**COLLECTED MATERIAL:**
· · · ·
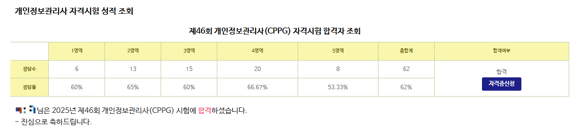 이 시험은 핵심 개념만 요약해서 키워드들을 잘 학습하는 것이 기본인 것 같다. 만약 고득점을 받고 싶다면 `개인정보보호법`을 매우 꼼꼼히 알아야 한다. (단기간엔 쉽지 않은 방법이다)
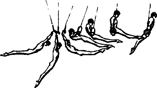 | 释义 | 前摆上 前摆上是一个中难度的基本动作,1985年的国际规则定为A组难度,1993年国际规则升值为B组难度。一般由后转肩或倒立大摆来连接。当下摆接近垂直面时沉肩振浪,向前上方兜腿。当两腿上摆过环后急剧制动,并直臂用力侧压环,积极振胸,上体快速上跟成支撑。此动作可直接成直角支撑或十字支撑,也可接支撑后摆成倒立,水平支撑或倒十字。该动作所能连接的动作不多,在高级体操运动员中运用也较少。但是,50年代前苏联运动员沙赫林的前摆上接支撑后摆成倒立却给人留下了深刻的印象。
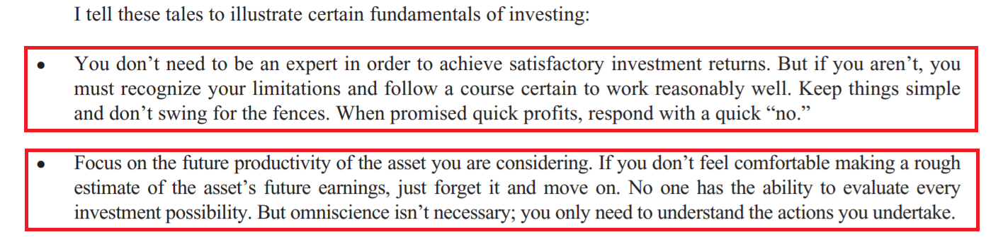 Trong thư gửi cổ đông năm 2013, Buffett dạy rằng không ai có khả năng định giá trị tất cả các doanh nghiệp cả, cho nên chúng ta chỉ tập trung ước lượng dòng tiền tự do FCF của những doanh nghiệp mà chúng ta hiểu rõ và dễ ước lượng dòng tiền, nếu gặp những doanh nghiệp chúng ta không hiểu và khó ước lượng dòng tiền, cách đơn giản là hãy quên nó đi và bước tiếp ( JUST FORGET IT and MOVE ON )
· · · ·
**THE TASK:** The listing above should be repeated word for word, with every image left out.

**EXERCISE OUTPUT:**
 이 시험은 핵심 개념만 요약해서 키워드들을 잘 학습하는 것이 기본인 것 같다. 만약 고득점을 받고 싶다면 `개인정보보호법`을 매우 꼼꼼히 알아야 한다. (단기간엔 쉽지 않은 방법이다)
 | 释义 | 前摆上 前摆上是一个中难度的基本动作,1985年的国际规则定为A组难度,1993年国际规则升值为B组难度。一般由后转肩或倒立大摆来连接。当下摆接近垂直面时沉肩振浪,向前上方兜腿。当两腿上摆过环后急剧制动,并直臂用力侧压环,积极振胸,上体快速上跟成支撑。此动作可直接成直角支撑或十字支撑,也可接支撑后摆成倒立,水平支撑或倒十字。该动作所能连接的动作不多,在高级体操运动员中运用也较少。但是,50年代前苏联运动员沙赫林的前摆上接支撑后摆成倒立却给人留下了深刻的印象。
 Trong thư gửi cổ đông năm 2013, Buffett dạy rằng không ai có khả năng định giá trị tất cả các doanh nghiệp cả, cho nên chúng ta chỉ tập trung ước lượng dòng tiền tự do FCF của những doanh nghiệp mà chúng ta hiểu rõ và dễ ước lượng dòng tiền, nếu gặp những doanh nghiệp chúng ta không hiểu và khó ước lượng dòng tiền, cách đơn giản là hãy quên nó đi và bước tiếp ( JUST FORGET IT and MOVE ON )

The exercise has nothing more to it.